Many people who have been crossing the southern border in recent years promptly turn themselves in. Agents call them “give-ups”; many constitute families.

One of the busiest crossing points in the Rio Grande Valley is in Roma, Texas, a historic town of about 11,000, with parts that sit atop sandstone bluffs overlooking the Rio Grande. Before dark one evening last month, a group of Border Patrol agents took in the breathtaking view, including a section of the river where groups of migrants often swim across to the United States in the early hours of the morning.

Later that week, a group of migrants emerged from the river on the Texas side and onto private property, following a winding, sandy path toward the Texas National Guard troops and Border Patrol agents who wait for such arrivals.

Wet from the river, the migrants presented carefully stashed documents to Border Patrol agents, who had set up a makeshift office with a desk and chairs on the unpaved road that connects the river with the town.

Dozens lined up to wait for their turn to speak to an agent. No one tried to sneak away; everyone remained quiet.

A young girl had to go to the bathroom, and her mother escorted her to an inconspicuous spot behind a Border Patrol truck while the girl’s father watched anxiously for them to return.

A Honduran mother fed her baby boy a bottle and smiled and stroked his hair.

A young boy from Guatemala shook his head, trying to get something out of his ear.

Parents made faces at their children to elicit smiles, as the wait stretched into the early hours of the morning.

Typically, federal border officials separate the migrants into categories to help speed up the hours of processing ahead. Children who arrive without a parent or guardian go to one area; others are grouped by nationality. Adult migrants from Mexico and Central America can be swiftly expelled under the pandemic public health rule.

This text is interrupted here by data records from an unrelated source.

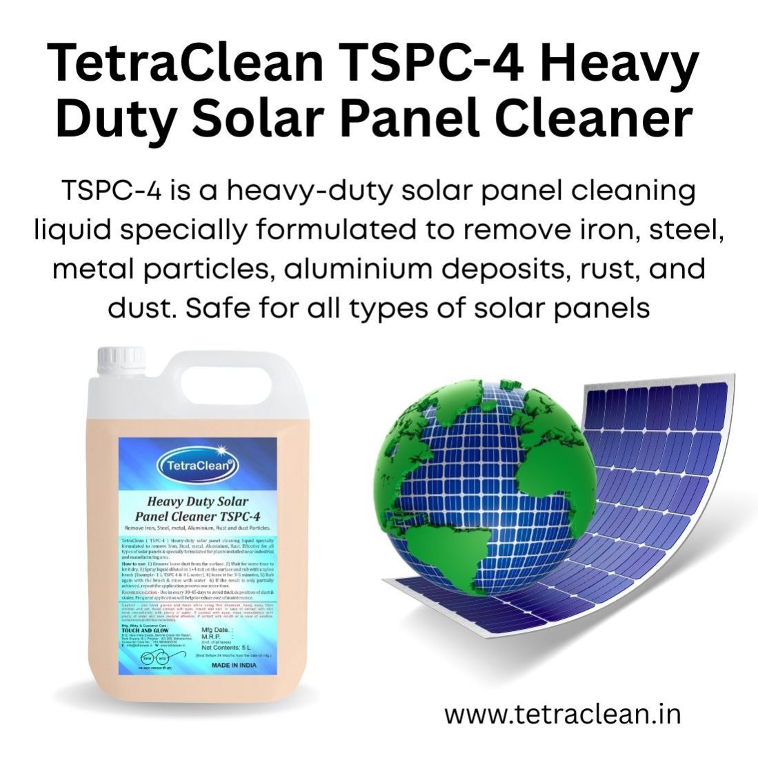 TetraClean Heavy Duty Solar Panel Cleaner TSPC-4 is a powerful cleaning solution designed for solar panels exposed to metallic dust, rust, and industrial pollutants. Its advanced formula effectively removes iron, steel, aluminium, rust stains, and fine dust particles, ensuring maximum solar efficiency and durability.
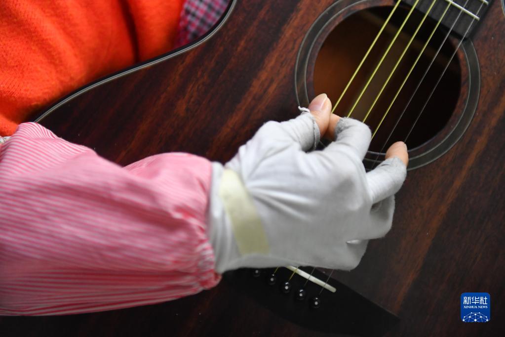 11月3日,在东安经济开发区一家吉他生产企业,工人在给吉他调音。
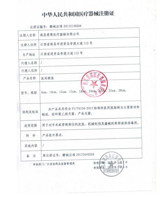 Número de Certificado de Registro: Registro de Dispositivo Médico de Gan No. 20152140266
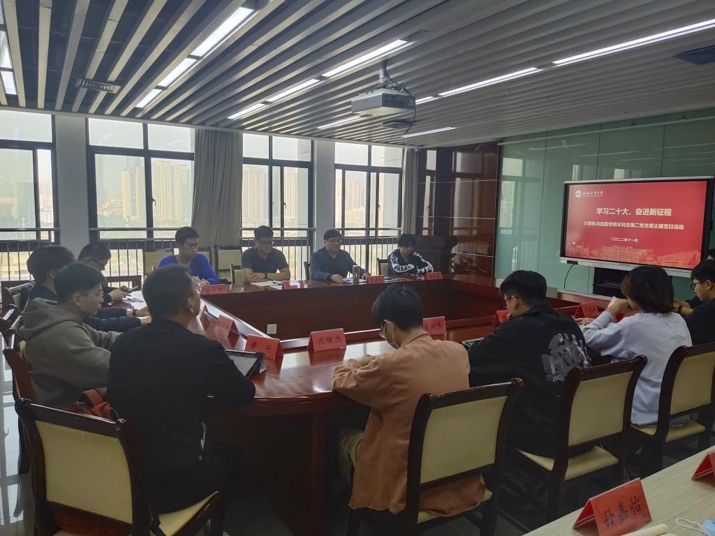 11月11日,太阳集团城娱8722在翡翠科教楼A1106开展了“学习二十大,奋进新征程”主题活动,学院党委副书记兼纪委书记张海林、本科生第二党支部书记刘世国和党支部成员参加活动。

Some migrants — from Cuba and Nicaragua, for example — are usually processed into the country to await removal proceedings that most likely will not take place for months or years.

Once the agents have processed everyone, the migrants are bused to a Customs and Border Protection facility where they wait in more lines and answer more questions. Some may stay there for several days before officials decide whether or not they can remain, at least for now, in the country.